30 октября, прождав улучшения погоды на нашем аэродроме, вылетели с аэродрома Люберцы в середине дня. При подходе к Волгограду получаем команду на снижение, условия погоды высота облаков 180 м. при хорошей видимости и заход на посадку, так как наш аэродром нас не принимает по метеоусловиям. Заход на посадку выполнили грязно. Сказалась недостаточная тренировка.пройдя дальний привод на высоте двести метров вышли из облаков под углом к ВПП. Руководитель полетов посадку запретил и дал команду визуально следовать на свою точку.
Посадку на своём аэродроме произвели в конце рабочего дня, и попали на партийное собрание с повесткой дня: «Подготовка к работе в зимний период». Собрание проходило активно. Все выступавшие говорили о недостатках в нашей службе. Под впечатлением только что закончившегося полёта в прениях выступил и я. Говорил о необходимости улучшения лётной подготовки, указав, что для этого не созданы условия и не принимаются меры для их создания. В заключении я сказал: «Мы работаем в таких условиях, что даже это собрание проводим в тесноте». Напомнил о только что завершенном полёте и о вынужденной январской посадке в поле вблизи Актюбинска при отказе только одного двигателя.

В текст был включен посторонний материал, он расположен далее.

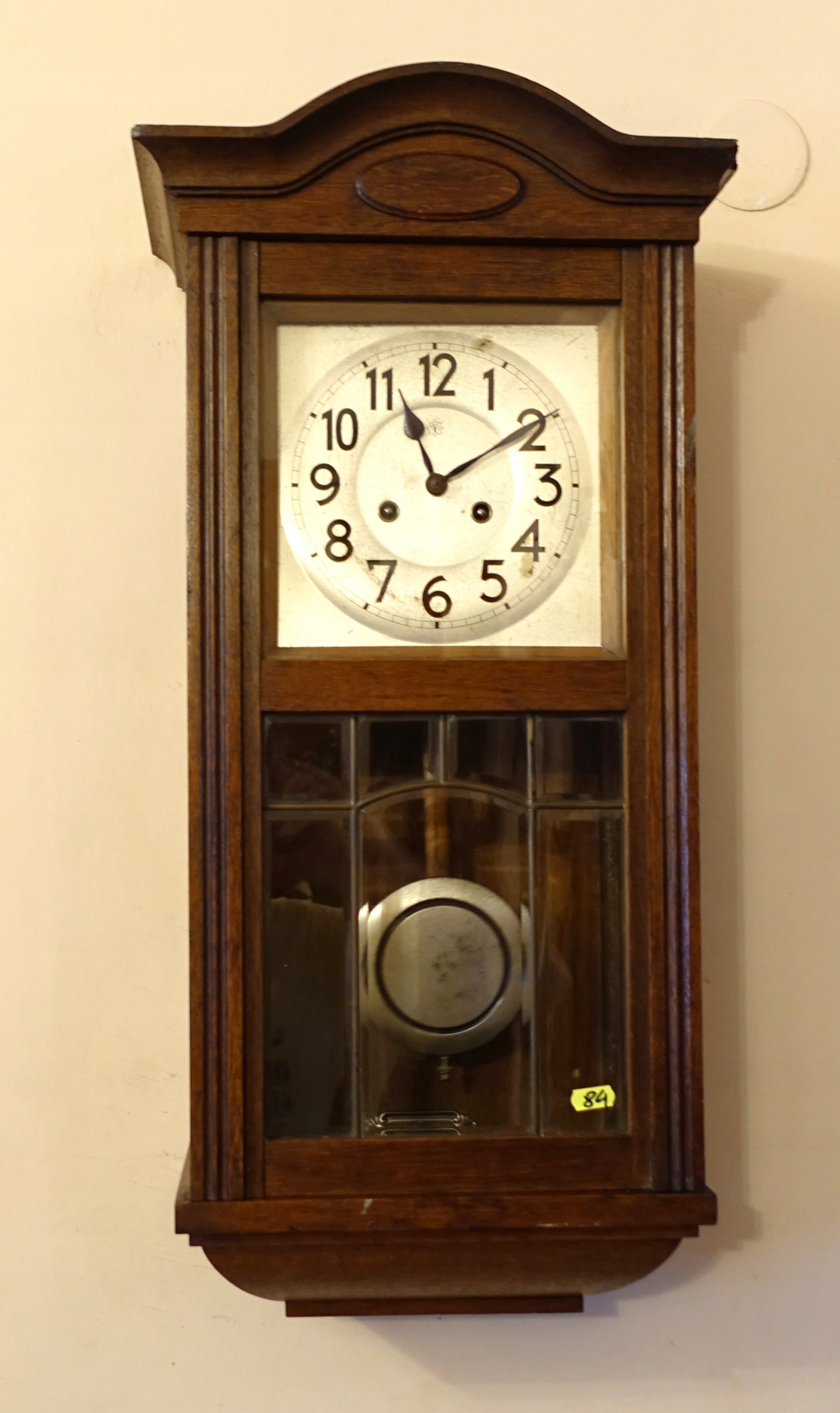 Стильные немецкие настенные часы. Часы от известного и авторитетного немецкого бренда, в красивом декоративном футляре. Механизм часов в рабочем состоянии. Механизм часов отбивает полные часы и полуторачасовые часы на спиральном гонге. .
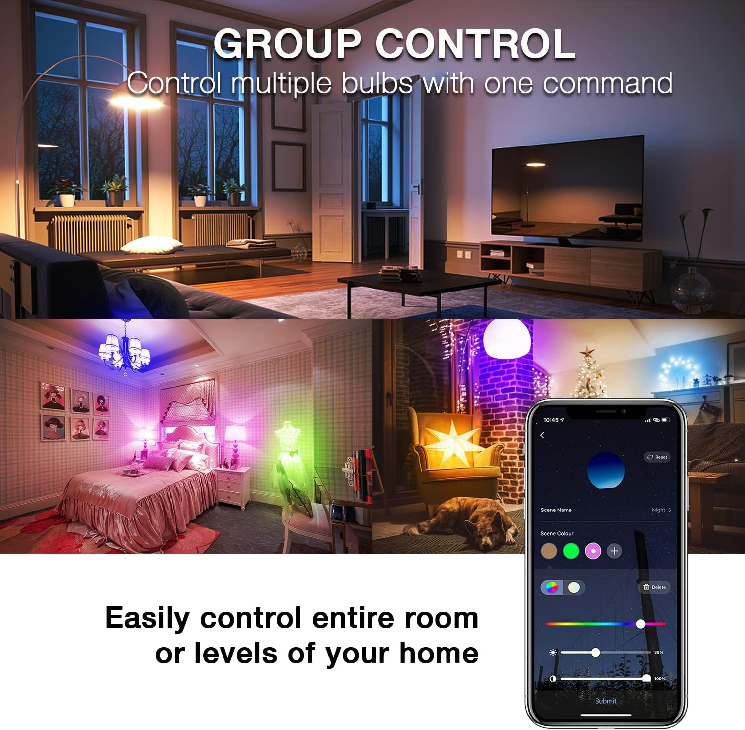 Group Control: Use the app's grouping feature to control multiple bulbs, then activate them according to the bulb group label you want to turn on; Use 16 million bright and soft colors plus adjustable whites to create the perfect ambiance; Ideal for parties, entertaining, and everyday use
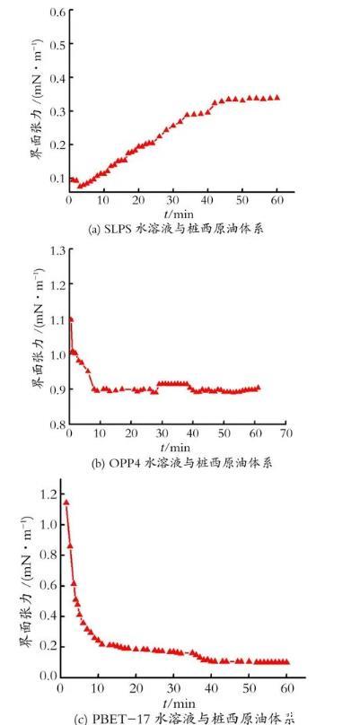 圖1 SLPS,OPP4和PBET-17水溶液-樁西原油體系油-水動(dòng)態(tài)界面張力
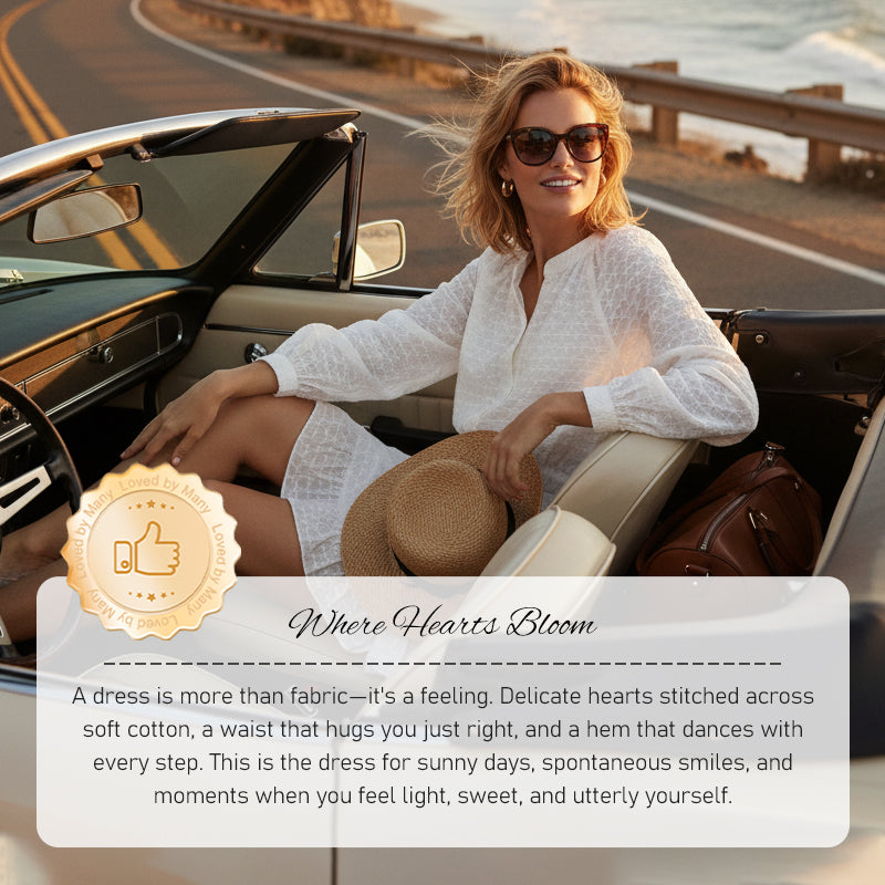 DELICATE HEART EMBROIDERY - This dress features a subtle, all-over heart embroidery, adding a touch of romance and unique texture. It elevates the simple white design into a standout piece that showcases your charming and sweet side.
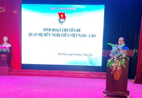 Ngày 04/5/2023, tại Hội trường Nhà thiếu nhi tỉnh Điện Biên, Tỉnh đoàn Điện Biên đã tổ chức sinh hoạt chuyên đề về chủ đề quan hệ hữu nghị giữa Việt Nam - Lào. Đến dự và chỉ đạo có đồng chí Mùa Chiến Thắng - Phó Bí thư Thường trực Tỉnh đoàn, Chủ nhiệm UBKT Tỉnh đoàn; Lãnh đạo, chuyên viên Ban Xây dựng đoàn Tỉnh đoàn cùng hơn 150 cán bộ đoàn, đoàn viên tham dự.

Присутствующий начальник политического отдела полигона полковник Балдырихин в своём выступлении обвинил меня в критике командования. А это запрещалось приказом Министра обороны. После собрания он сразу уехал, поговорить с ним не удалось.
Через несколько дней меня вместе с заместителем командира эскадрильи по политической части майором Фоменко приглашают в партийную комиссию для беседы по поводу моего выступления. В своём оправдании я приводил, на мой взгляд, весомый аргумент: «Я не называл ни одной фамилии и в моём выступлении не было слова командир». В защиту меня выступало всё партийное бюро и даже майор Фоменко. Но всё равно оставалась вероятность получения партийного взыскания.
Прошло несколько дней, для обсуждения доклада отчётно-выборному собранию партийное бюро в составе: А.Стариков - секретарь, члены: Н.Гончаров, Г.Сухарев, В.Филатов и я осталось на 10-ой площадке в казарме наших солдат. Обсуждение было активным, так как в нашей службе и жизни было много проблем, которые должна решать партийная организация. Я упорно настаивал, чтобы в докладе был поднят вопрос о летной подготовке в свете прошлого собрания. В разгар нашего обсуждения к нам, в казарму солдат нашей части, неожиданно зашёл полковник Балдырихин. Получив информацию о том, что мы готовимся к собранию, проинформировал нас о состоявшемся Октябрьском пленуме ЦК КПСС и порекомендовал доклад переделать. Я, конечно, не удержался и высказал недовольство. Его ответ: «Мы люди военные и приказы должны выполнять».Через несколько дней после Октябрьского пленума ЦК КПСС состоялось совещание партийного актива полигона, с критическим докладом на котором выступал начальник политического отдела. Он и все выступавшие резко критиковали командиров всех степеней.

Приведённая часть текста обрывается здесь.